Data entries
<<<<

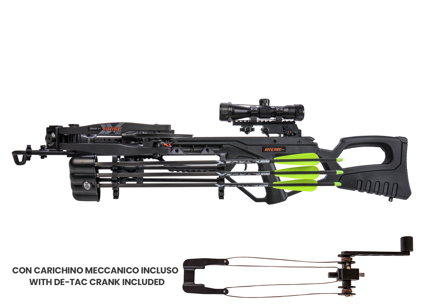 Completa di tutto ciò di cui hai bisogno per uscire a tirare già da subito, la Balestra Bear X Intense CD offre prestazioni incredibilmente potenti in un formato compatto. Disponibile in Shadow Black, il pacchetto include:
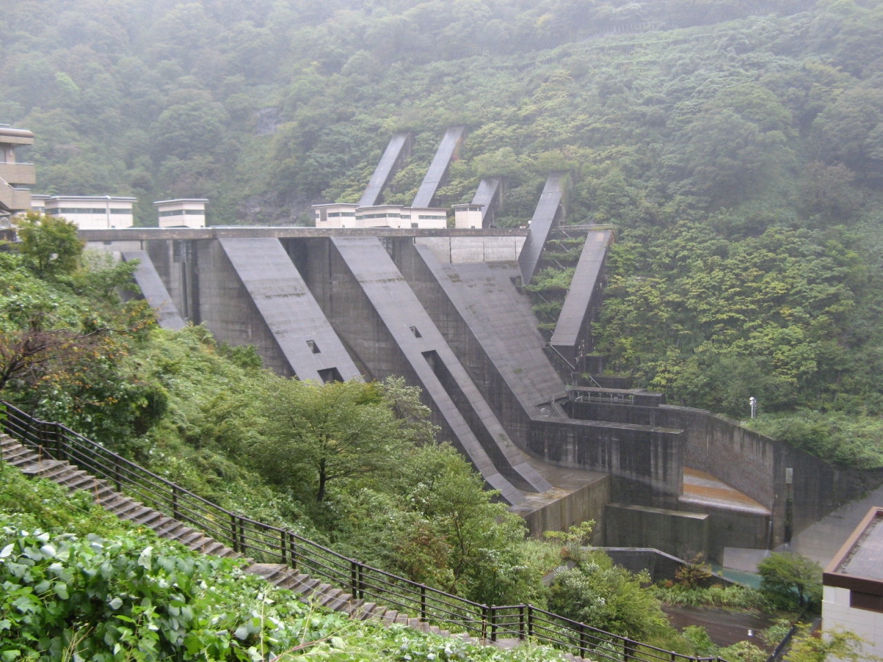 「宇奈月ダム」は黒部川に設けられた重力式コンクリート型の多目的ダムで、洪水調節、上水供給、発電を担っています。
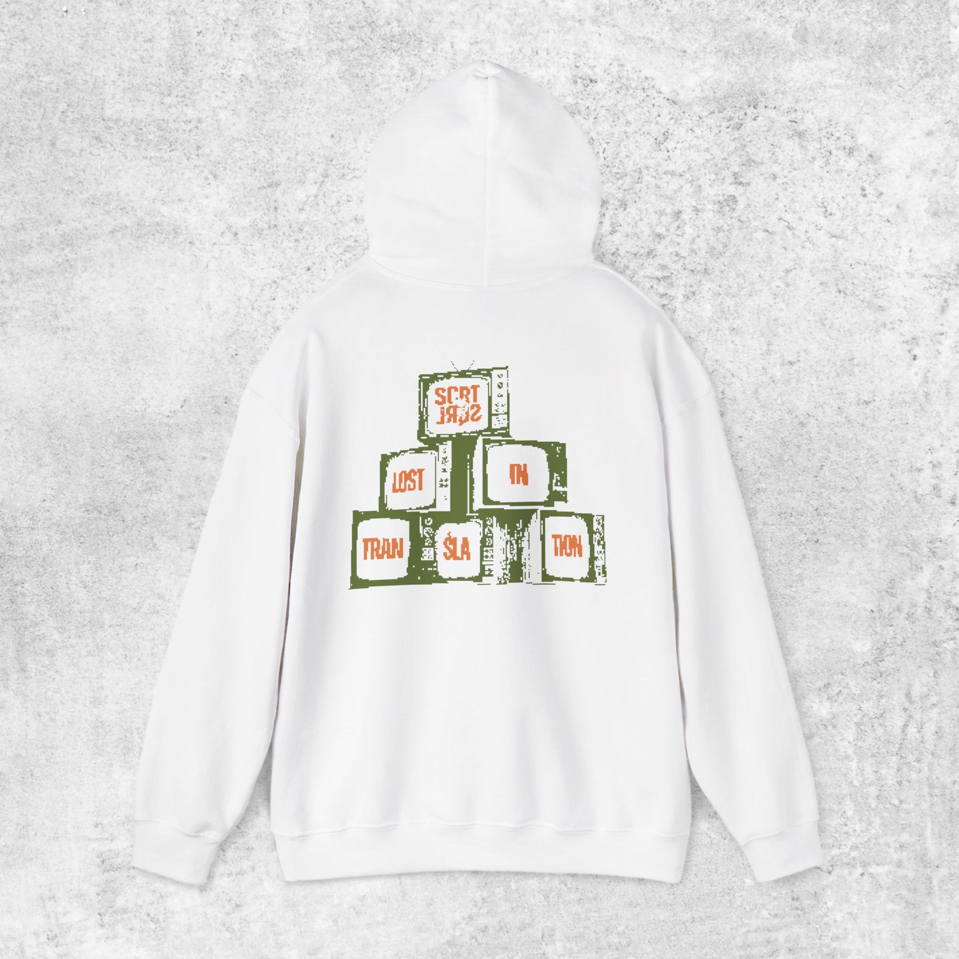The “Lost In Translation” Hoodie is a heavy signal trapped in the static. Up front, a chest-level SCRT SQRL TV screen locks in your broadcast ID. On the back, a wall of stacked CRTs glitches out the phrase LOST IN TRANSLATION — fragmented, distorted, and dripping with analoginter ference.
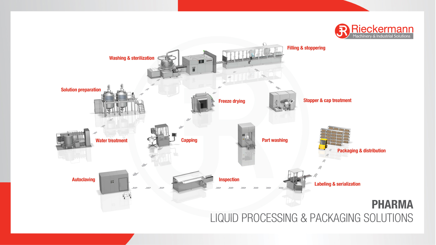 Rieckermann’s liquid processing and packaging solutions include equipment for the whole range of processes – from the production of pharmaceutical liquids through to downstream, including primary packaging, such as the filling and closing of containers, and secondary packaging.
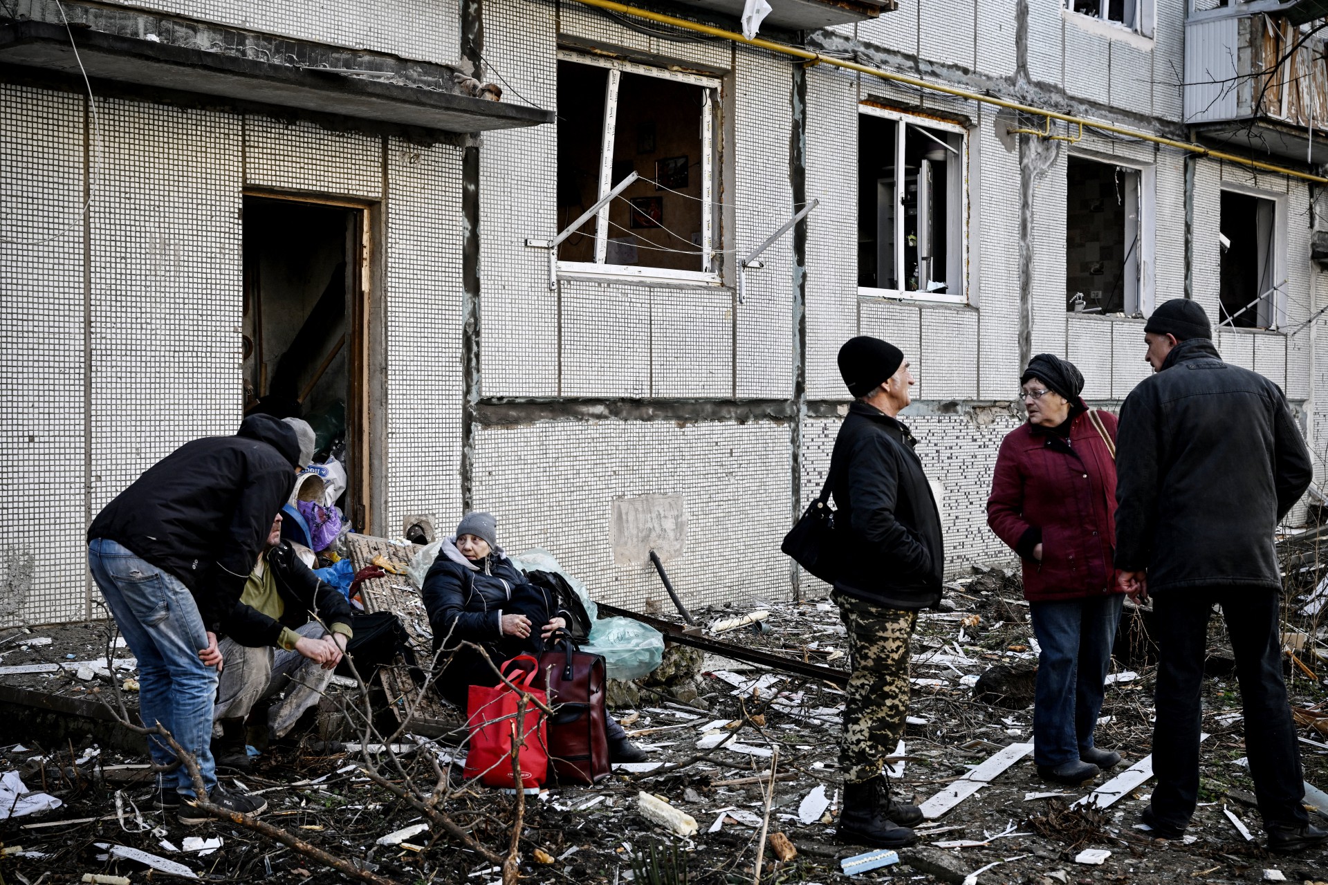 Sergei, de 67 anos, sofreu algumas contusões durante o bombardeio e agora tenta cobrir as janelas do andar térreo de seu apartamento com uma mesa. "Vou ficar aqui. Minha filha está em Kiev e lá está parecido", relata este ucraniano, referindo-se às explosões registradas durante a manhã nas principais cidades do país, incluindo a capital.
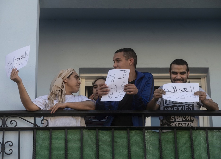 Uno de los momenos emotivos que ha dejado la marcha, cuando una familia de origen árabe ha salido al balcón con pancartas pidiendo justicia para los jóvenes de Altsasu.(Jon URBE/FOKU)
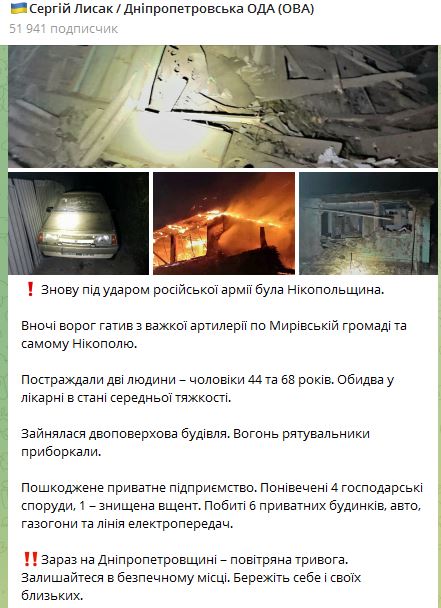 Вночі сили РФ завдали удару по Нікопольському району Дніпропетровської області.

>>>>

■ **Exercise**
Copy the lines from the line that contains "with analoginter ference." through the end of the records, exactly and with nothing added; leave the pictures out.

■ **Exercise output**
The “Lost In Translation” Hoodie is a heavy signal trapped in the static. Up front, a chest-level SCRT SQRL TV screen locks in your broadcast ID. On the back, a wall of stacked CRTs glitches out the phrase LOST IN TRANSLATION — fragmented, distorted, and dripping with analoginter ference.
 Rieckermann’s liquid processing and packaging solutions include equipment for the whole range of processes – from the production of pharmaceutical liquids through to downstream, including primary packaging, such as the filling and closing of containers, and secondary packaging.
 Sergei, de 67 anos, sofreu algumas contusões durante o bombardeio e agora tenta cobrir as janelas do andar térreo de seu apartamento com uma mesa. "Vou ficar aqui. Minha filha está em Kiev e lá está parecido", relata este ucraniano, referindo-se às explosões registradas durante a manhã nas principais cidades do país, incluindo a capital.
 Uno de los momenos emotivos que ha dejado la marcha, cuando una familia de origen árabe ha salido al balcón con pancartas pidiendo justicia para los jóvenes de Altsasu.(Jon URBE/FOKU)
 Вночі сили РФ завдали удару по Нікопольському району Дніпропетровської області.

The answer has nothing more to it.